At Sohwa’s words, Wu So furrowed his brow.

“Inferring it? If you say only that, how am I to trust your word and follow this dangerous method?”
Wu So raised his voice, which was troublesome.
She could not say that she had studied the coroner’s report of one who died with the same symptoms in a previous life; even less could she say that she had once made a poison that burst a martial artist’s qi-blood by using the air current of core temperature and yin energy.

After some thought, Sohwa spoke again.
“The Tang Clan’s Medical Division is likely larger than that of any sect affiliated with the Martial Alliance.”
Wu So, as if dumbfounded, let out a hollow laugh.

“And so because you trained in the Tang Clan’s Medical Division, you know of a treatment even the Divine Physician did not?”
He meant: something even a descendant of Yeonjuda did not know—how could mere you know it?
Despite the sarcasm, Sohwa’s expression did not change. With a face so cold as to seem unfeeling, she delivered her answer evenly.

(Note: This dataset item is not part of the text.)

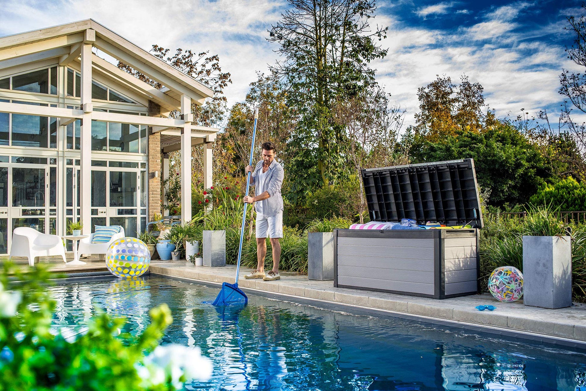Ja, für erhöhte Sicherheit kann die Box mit einem handelsüblichen Vorhängeschloss (nicht im Lieferumfang) abgeschlossen werden. Das langlebige Polypropylen ist sehr pflegeleicht und lässt sich einfach mit Wasser und einem milden Reinigungsmittel reinigen, was die Box zu einer wartungsarmen Lösung für jeden Aussenbereich macht.

“The reason the Tang Clan’s Medical Division is large is not because it has many physicians, but because it stores countless secret texts within.”
Boldly, the Tang Clan’s eldest daughter extolled her family’s Medical Division and went on:
“If you ask how I knew, from merely looking at the Daoist’s symptoms, that he was struck by Heat Art—I cannot answer. If I must choose between another sect’s disciple’s life and the Tang Clan’s rules, I must of course choose the latter. Thus, Zhenren Wu So must be the one to judge.”

Handing the leaf to the silent Wu So, Sohwa asked:
“And tell me—would anyone offer up precious Binggeukjicho for a matter that cannot be assured?”
In truth, Wu So no longer had a choice.

Should they not try something, anything?
Gazing at the dry leaf in Sohwa’s hand, Wu So finally opened his mouth.